The prices of all things in Europe have only risen four times since the discovery of the West Indies. But no one will assert that the coin in Europe increased only by four times in the 15th century compared to previous centuries. The following bring home about 6,000,000 a year:
- The Spaniards And Portuguese from their mines
- the English, French, and Dutch, by their African trade by their interlopers in the West Indies
Of these up to 2,000,000 goes to the East Indies. This sum alone, in 10 years, would probably double the ancient stock of money in Europe. All prices have not risen to a much more exorbitant height only because of the change of customs and manners.

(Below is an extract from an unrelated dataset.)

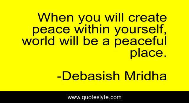 This page presents the quote "When you will create peace within yourself, world will be a peaceful place.". Author of this quote is Debasish Mridha. This quote is about life, love, knowledge, inspirational, intelligence, philosophy, wisdom, quotes, affection,.

More of the same commodities are produced by additional industry and come to the market. This causes people to depart from their ancient simplicity of manners. This productivity encrease is less than the increase of money, but is big compared to the ancient productivity. It has preserved the proportion between money and commodities nearer to the ancient standard.
The refined way of living is more advantageous than the simple way of living, in a view to politics at least. This as an additional reason to encourage trade and manufactures. Men who live in the ancient simple manner supply all their necessaries from domestic industry or from the neighbourhood. This prevents the sovereign from levying taxes in money on them. He can only impose taxes paid in kind, which is very inconvenient.
All the money he can raise is from his principal cities, where alone it circulates. The revenue from this is much less compared to if the money circulated through the whole state. This diminution of the revenue causes the public’s poverty when the sovereign receives less money. The same money will also circulate less during times of low productivity and lack of commerce. It will cause an increase in prices which will cause poverty.
Historians commonly remark that any state that lacks money is weak, even if it is fertile, populous, and well cultivated. This is wrong.
The lack of money can never injure any state within itself, because people and commodities are the real strength of any community. It is the simple manner of living which here hurts the public by:
- confining money to a few hands
- preventing the circulation of goods
On the contrary, industry and refinements integrate goods with the whole state, however small its quantity may be. They digest it into every vein. It makes it enter into every transaction and contract. No hand is entirely empty of it. It causes prices to fall, which gives the sovereign a double advantage:
- He may draw money by his taxes from every part of the state.
- What he receives, goes farther in every purchase and payment.
We may infer, from a comparison of prices, that money is not more plentiful in China, than it was in Europe three centuries ago. Yet China has immense power as proven by the civil and military institutions maintained by it.
Polybius tells us that provisions were so cheap in Italy during his time, that in some places, the price for a meal at the inns was a semis a head, little more than a farthing! At that time, the Romans had subdued the whole known world.
A century before that, the Carthaginian ambassador said, by way of raillery, that the Romans were the most sociable amongst themselves because in every meal, for foreign ministers, they served the same dish at every table.
The absolute quantity of the precious metals is a matter of great indifference. There are only two important circumstances:
- their gradual encrease, and
- their thorough concoction and circulation through the state.